Task objective:
In the records below, the relevant part opens with the line containing "A young aussie" and closes with the line containing "時任中國紡織工業協會副會長許"; print that part exactly and only, without its pictures.

Source data:
----

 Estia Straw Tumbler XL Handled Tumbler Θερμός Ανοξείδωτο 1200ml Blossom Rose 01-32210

----

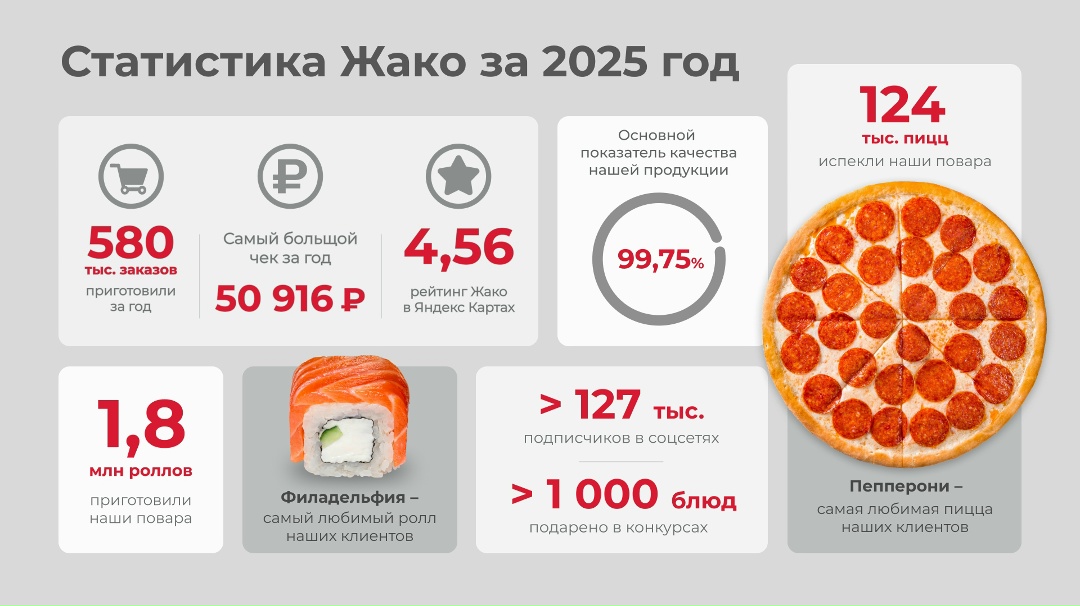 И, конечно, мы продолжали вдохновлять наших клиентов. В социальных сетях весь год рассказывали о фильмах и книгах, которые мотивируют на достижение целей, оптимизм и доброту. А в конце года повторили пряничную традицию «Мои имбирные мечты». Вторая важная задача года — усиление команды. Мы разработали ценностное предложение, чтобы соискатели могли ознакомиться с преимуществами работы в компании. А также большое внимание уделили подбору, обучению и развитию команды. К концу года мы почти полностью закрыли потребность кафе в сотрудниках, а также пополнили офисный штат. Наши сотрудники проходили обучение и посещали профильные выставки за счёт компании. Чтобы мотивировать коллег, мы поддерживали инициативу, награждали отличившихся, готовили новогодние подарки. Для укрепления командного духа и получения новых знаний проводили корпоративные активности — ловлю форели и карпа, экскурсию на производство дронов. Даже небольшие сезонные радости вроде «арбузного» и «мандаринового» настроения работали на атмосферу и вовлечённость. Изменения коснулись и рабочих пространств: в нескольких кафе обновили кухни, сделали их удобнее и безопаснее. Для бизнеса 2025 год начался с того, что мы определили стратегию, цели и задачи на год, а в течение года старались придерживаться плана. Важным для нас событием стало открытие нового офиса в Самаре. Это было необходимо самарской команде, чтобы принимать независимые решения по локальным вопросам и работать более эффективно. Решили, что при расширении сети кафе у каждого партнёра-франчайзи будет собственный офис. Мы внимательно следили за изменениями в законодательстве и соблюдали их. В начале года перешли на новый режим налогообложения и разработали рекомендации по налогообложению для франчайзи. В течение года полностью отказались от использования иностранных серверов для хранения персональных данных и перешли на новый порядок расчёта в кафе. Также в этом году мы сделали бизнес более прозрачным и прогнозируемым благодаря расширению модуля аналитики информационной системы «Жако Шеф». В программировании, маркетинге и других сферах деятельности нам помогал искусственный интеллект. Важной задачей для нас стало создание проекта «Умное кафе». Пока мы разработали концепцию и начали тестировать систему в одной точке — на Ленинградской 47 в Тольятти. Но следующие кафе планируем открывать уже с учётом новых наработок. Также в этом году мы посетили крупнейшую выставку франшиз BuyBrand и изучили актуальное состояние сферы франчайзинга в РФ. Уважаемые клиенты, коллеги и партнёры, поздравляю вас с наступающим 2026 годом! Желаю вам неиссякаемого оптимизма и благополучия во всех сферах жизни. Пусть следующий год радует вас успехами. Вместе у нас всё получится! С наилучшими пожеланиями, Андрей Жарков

----

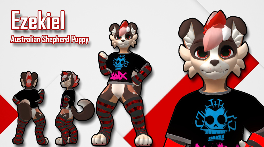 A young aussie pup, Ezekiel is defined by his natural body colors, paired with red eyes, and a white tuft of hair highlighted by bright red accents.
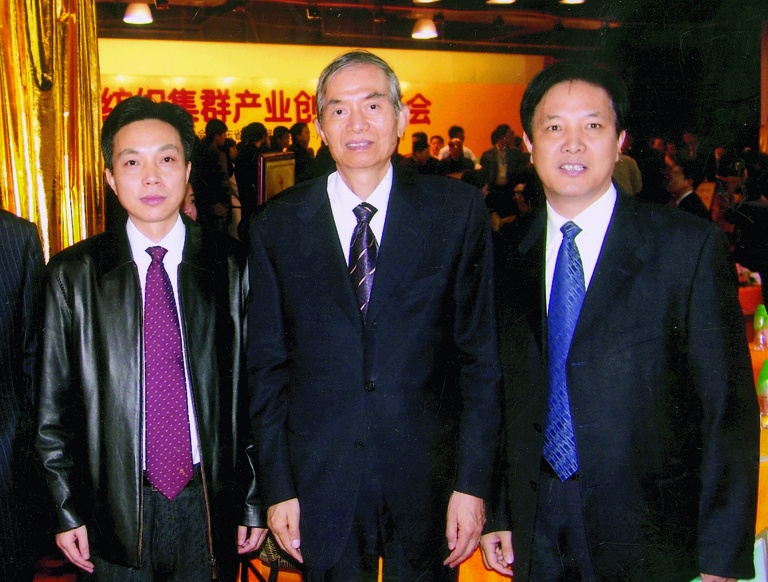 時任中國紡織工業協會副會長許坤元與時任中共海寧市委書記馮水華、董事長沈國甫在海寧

----

Result below:
 A young aussie pup, Ezekiel is defined by his natural body colors, paired with red eyes, and a white tuft of hair highlighted by bright red accents.
 時任中國紡織工業協會副會長許坤元與時任中共海寧市委書記馮水華、董事長沈國甫在海寧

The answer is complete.